Catania et al. is the only published report of TLS in a patient with OS. However, several key differences exist between this case report and that by Catania et al. First, the OS in the study by Catania et al. was extraosseous, which is a rare form that accounts for only 4% of OS [39]. Second, the TLS was spontaneous as opposed to after initiation of chemotherapy. Third, the patient underwent hemodialysis and rasburicase infusion therapy, which promptly resolved the patient’s TLS. Similarities between our case reports include the presence of large tumor burden with multiple lung metastases and osteoblastic cells on tumor histology.

The patient in this report had both clinical and laboratory TLS per Cairo–Bishop criteria [35] with increased uric acid and phosphate, the development of an AKI, and a fatal cardiac arrhythmia. This medical emergency was promptly recognized and treated; unfortunately, the patient died despite maximal medical therapy. This report is the first to describe TLS after ifosfamide chemotherapy in metastatic OS, the second report of TLS in OS, and one of just a few reports describing TLS in sarcomas.

Conclusion

Acute TLS is an oncologic emergency characterized by a distinct combination of laboratory findings including hyperuricemia, hyperkalemia, hyperphosphatemia, and hypocalcemia.

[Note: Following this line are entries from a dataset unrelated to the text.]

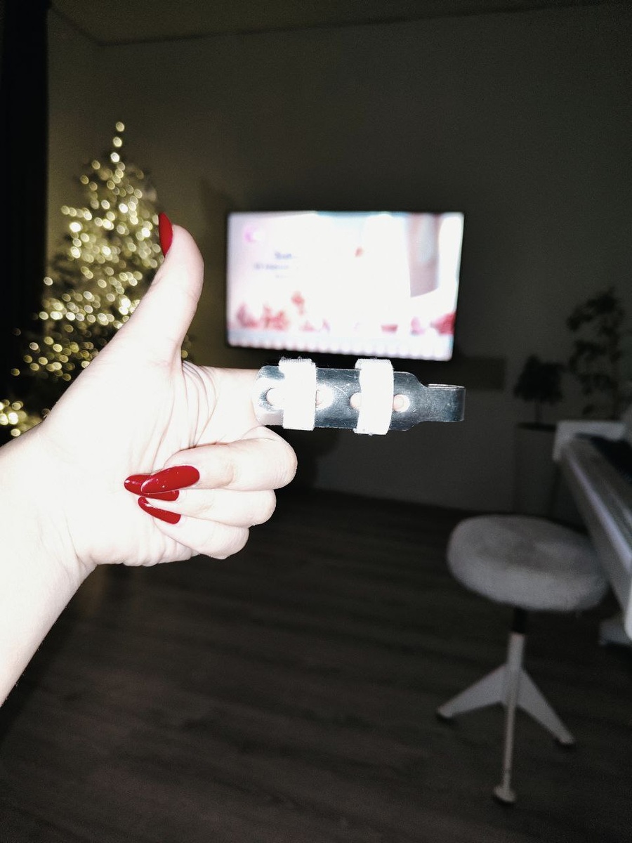 ». Теперь мой палец упакован в стильный металлический фиксатор. Выглядит это максимально сурово — как будто я наполовину Терминатор или Робокоп. 🤖 Теперь, если что, могу пугать домашних, наставляя на них палец-пистолет: «Сначала кофе, потом разговор!» 🔫 Из плюсов: руке наконец-то стало просторно, пальцы на свободе! Из минусов: левая рука за время в гипсе решила, что она в отпуске, и теперь работает на 2% мощности. Пальцы шевелятся с грацией ленивца, но ничего, мы это дело разработаем. Главное — теперь я «при параде» и с железным аргументом! 😎🦾
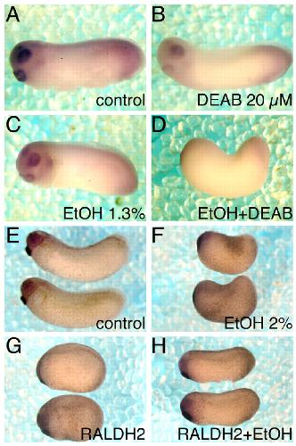 Fig. 2. Manipulation of ALDH activity modulates the EtOH-induced phenotype. Embryos were subjected to different manipulations of ALDH activity in combination with EtOH treatment. Embryos were allowed to develop to early tailbud stages (st. 29) and were analyzed further by in situ hybridization with the XAG1 (cement gland) and Pax6 (eyes and midbrain) probes. (A) Control embryo; at the early tailbud stage, the developing cement gland, eyes and midbrain are clearly discernible as the stained areas to the left of the image. (B) Partial ALDH inhibition with 20 μM DEAB. (C) Low EtOH (1.3%) treatment. (D) Combined EtOH and DEAB treatment. (E) Control embryos. (F) Embryos treated with 2% EtOH. (G) Embryos overexpressing Raldh2. (H) Rescue of the EtOH effect by overexpression of Raldh2.
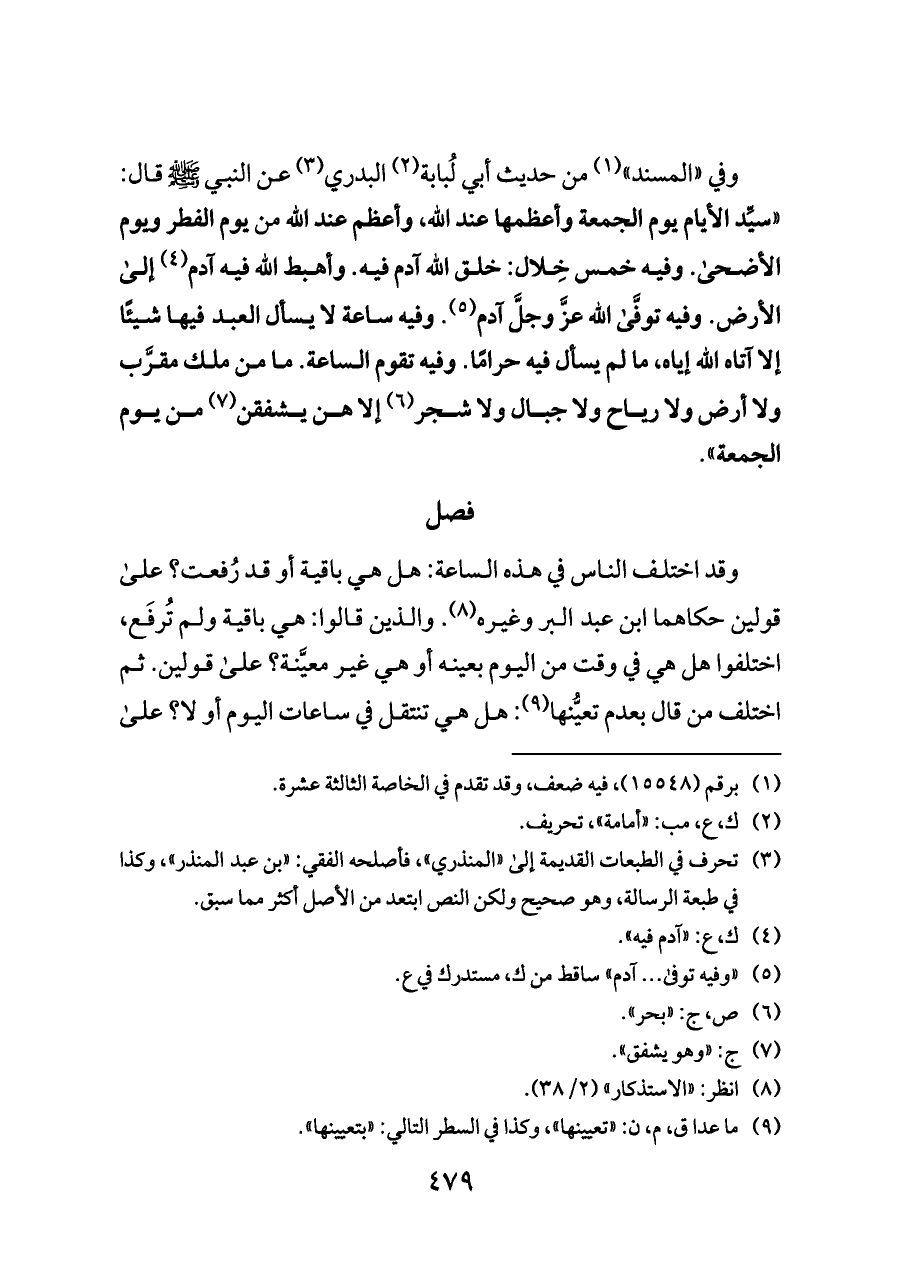 وفي «المسند» (¬١) من حديث أبي لُبابة (¬٢) البدري (¬٣) عن النبي - صلى الله عليه وسلم - قال: «سيِّد الأيام يوم الجمعة وأعظمها عند الله، وأعظم عند الله من يوم الفطر ويوم الأضحى. وفيه خمس خِلال: خلق الله آدم فيه. وأهبط الله فيه آدم (¬٤) إلى الأرض. وفيه توفَّى الله عزَّ وجلَّ آدم (¬٥). وفيه ساعة لا يسأل العبد فيها شيئًا إلا آتاه الله إياه، ما لم يسأل فيه حرامًا. وفيه تقوم الساعة. ما من ملك مقرَّب ولا أرض ولا رياح ولا جبال ولا شجر (¬٦) إلا هن يشفقن (¬٧) من يوم الجمعة».
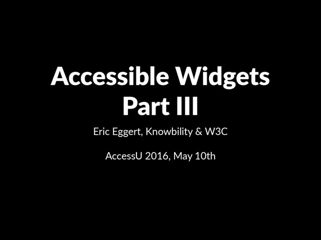 JBWS 165 Patrick Fox Focus management, Announcing dynamic content, Tool Ips, Modal dialogs, Dynamic table filtering and sorIng May 9th, 4:00-5:30 JBWS 163 Eric Eggert Date picker, Time field, Combo box, Progress bar May 10th, 10:15-11:45 JBWS 163 Eric Eggert Slider, Accordion, Tabs, Alerts May 10th, 2:15-3:45 JBWS 163 Patrick Fox Eric Eggert Wizard progress indicator, File selector and upload, Form validaIon, Search by locaIon, Dynamic applicaIon page elements and flow
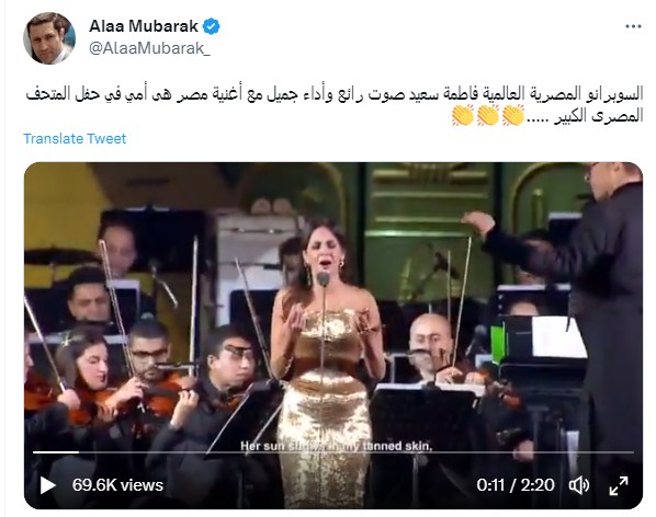 وكتب علاء مبارك رسالته للسوبرانو المصرية فاطمة سعيد، عبر حسابه بموقع التواصل الاجتماعي تويتر: "السوبرانو المصرية العالمية فاطمة سعيد صوت رائع وأداء جميل مع أغنية مصر هى أمي في حفل المتحف المصرى الكبير…".
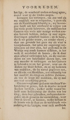 Nieuwe verhandeling over de ziektens der oogen. Waar in gehandelt word van het samenstel en gebruik der oogen, de oorzaaken van derzelver ziektens, de toevallen, hulpmiddelen, en heelkundige operatien, die meest dienstig zyn tot derzelver geneezing. Met de nieuwe ontdekkingen over het samenstel van het oog, welke het onmiddelyk werktuig van 't gezigt aantoonen ... Naar den laatsten druk uit het Fransch vertaalt / [Saint-Yves (Charles)].
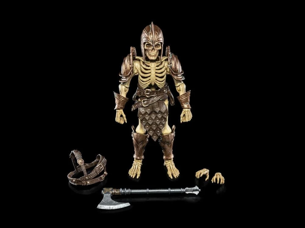 Enhance your Mythic Legions: The Roleplaying Game campaigns with the Mythic Legions: The Roleplaying Game Skeleton Fighter (Enemy) action figure! Standing at 7 inches tall, this figure has full articulation with the Legions Build System, making it possible to swap parts with other Legions figures to create new looks and brand new characters. This figure comes with an additional pair of hands, a belt, and a battle axe
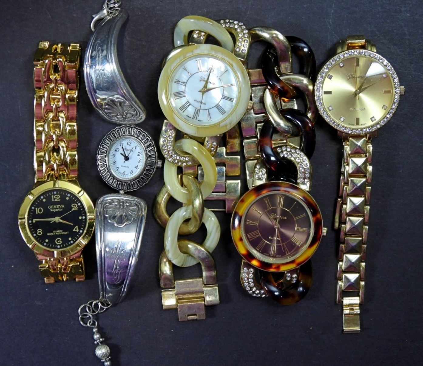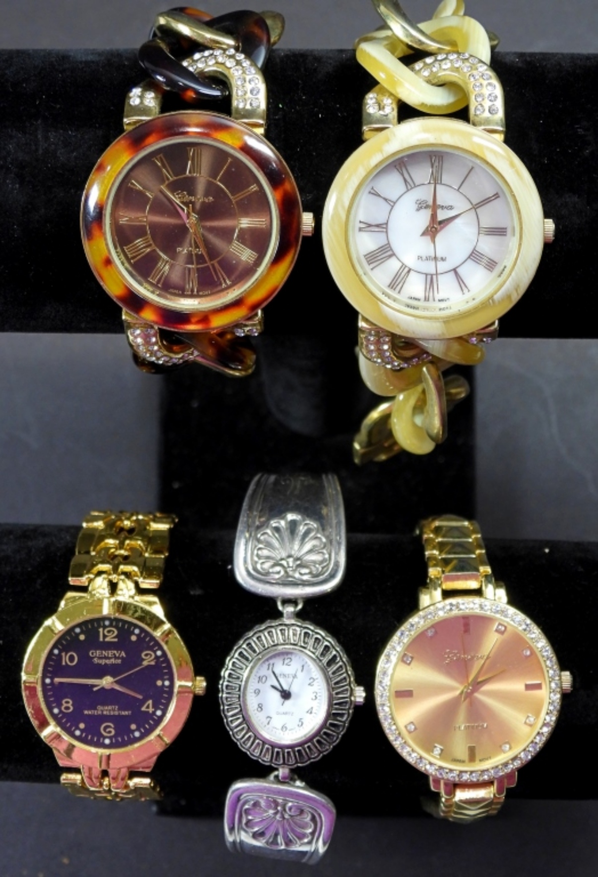 (5)SPARKLY GOLD TONE GENEVE WATCHES, UNTESTED, WATCH MAY OR MAY NOT WORK, COULD BE USED FOR PARTS OR REPAIR
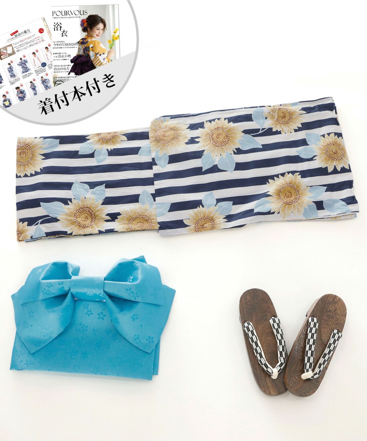 向日葵で夏の主役に 夕焼けのひまわり 浴衣4点セット(兵児帯)
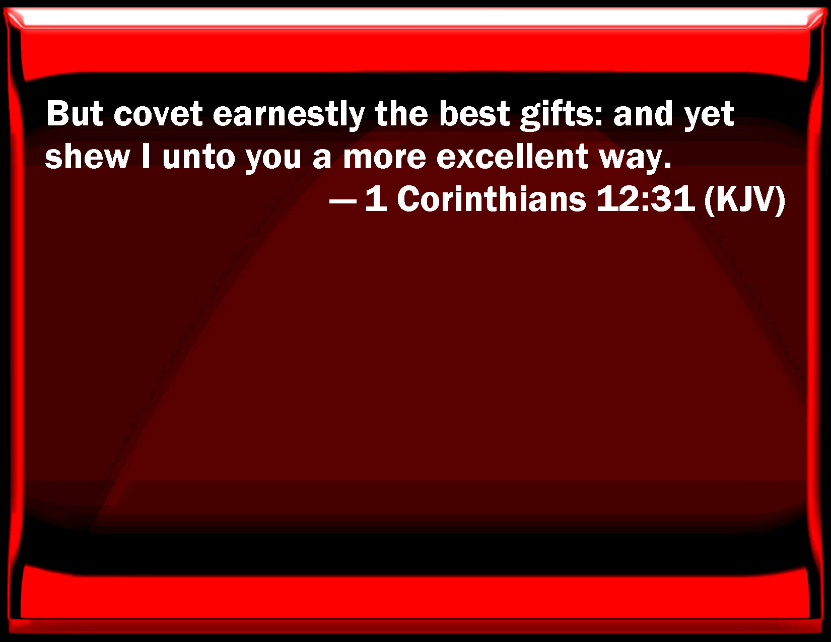 1 Corinthians 12:31 But covet earnestly the best gifts: and yet show I to you a more excellent way.
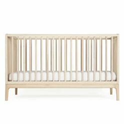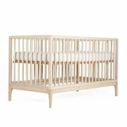 ¡Os ofrecemos 8 posibilidades de cunas con la colección KERA! Una colección duradera y ecológica que se adapta a vuestro gusto ofreciendo 4 patas diferentes y dos bases distintas. Esta combinación se compone de la base Round con acabados redondeados y el pie Pure inclinado de estilo contemporáneo. El diseño de KERA es elegante, sencillo y minimalista. Los detalles propios de la construcción, como los tornillos, son invisibles. En el diseño de esta cuna, se ha prestado especial atención a las necesidades del bebé y de los padres. El ajuste de altura de la base en 2 niveles es ergonómico. Con su gran tamaño (colchón de 70×140 cm y su barandilla de seguridad en forma de onda, KERA puede utilizarse hasta los 6 años. Gracias a su kit de transformación, la cama KERA puede transformarse en un sofá, convirtiéndose en el lugar ideal para contarle sus cuentos favoritos. La cama KERA es de madera maciza de fresno aceitada. Combina perfectamente con la colección NADO. El aceite aplicado, contiene pigmentos blancos naturales que conservan el color y la hermosa veta de la madera de forma brillante. La camaKERA ha sido diseñada y desarrollada en Alemania por el estudio Ellenberger y se fabrica en Europa.
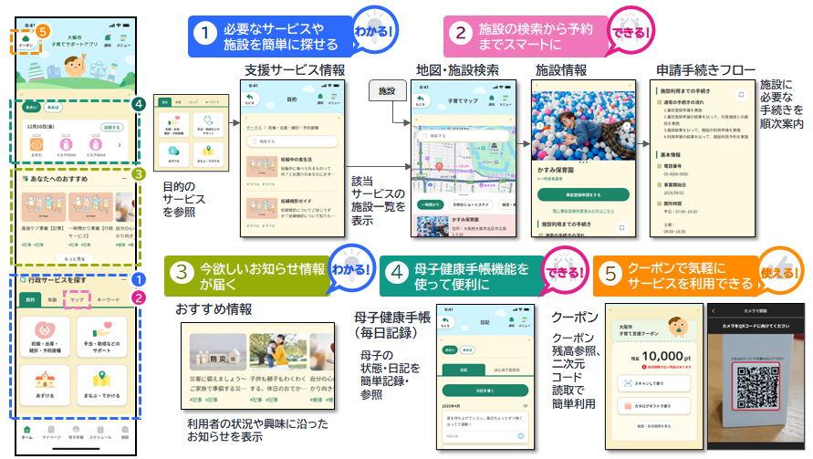 (子育て支援施設検索、利用予約、子育て情報の提供、母子健康手帳機能など)
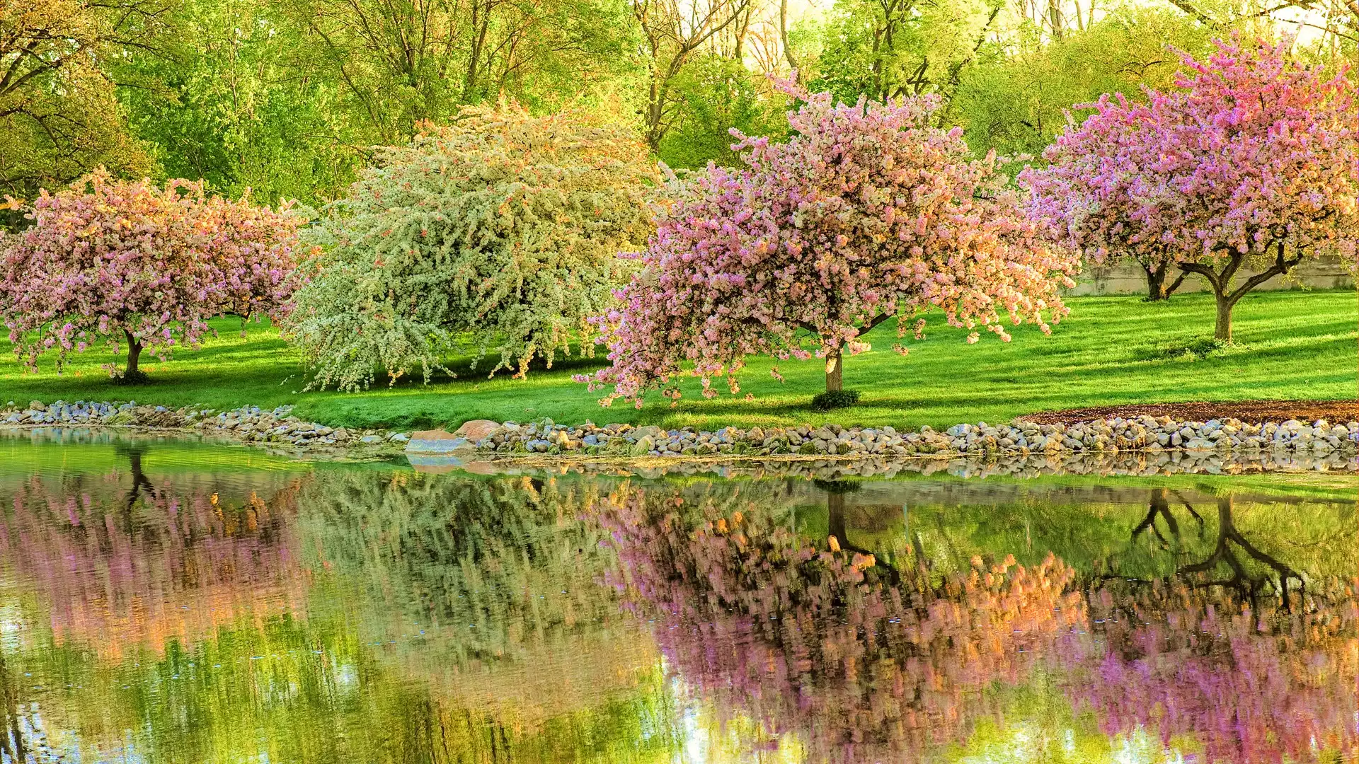 Zdjęcia, Kwitnące, Drzewka, Rzeka, Park

TLS has been scarcely reported in the population of patients with sarcoma, and this is the first report of TLS after metastatic osteosarcoma was treated with ifosfamide monotherapy. In this case, delayed presentation and large tumor burden likely played a role in the development of TLS. It is important to promptly recognize and treat this potentially fatal complication regardless of the tumor etiology as delayed management may lead to permanent multiorgan damage, cardiac arrest, and, ultimately, death.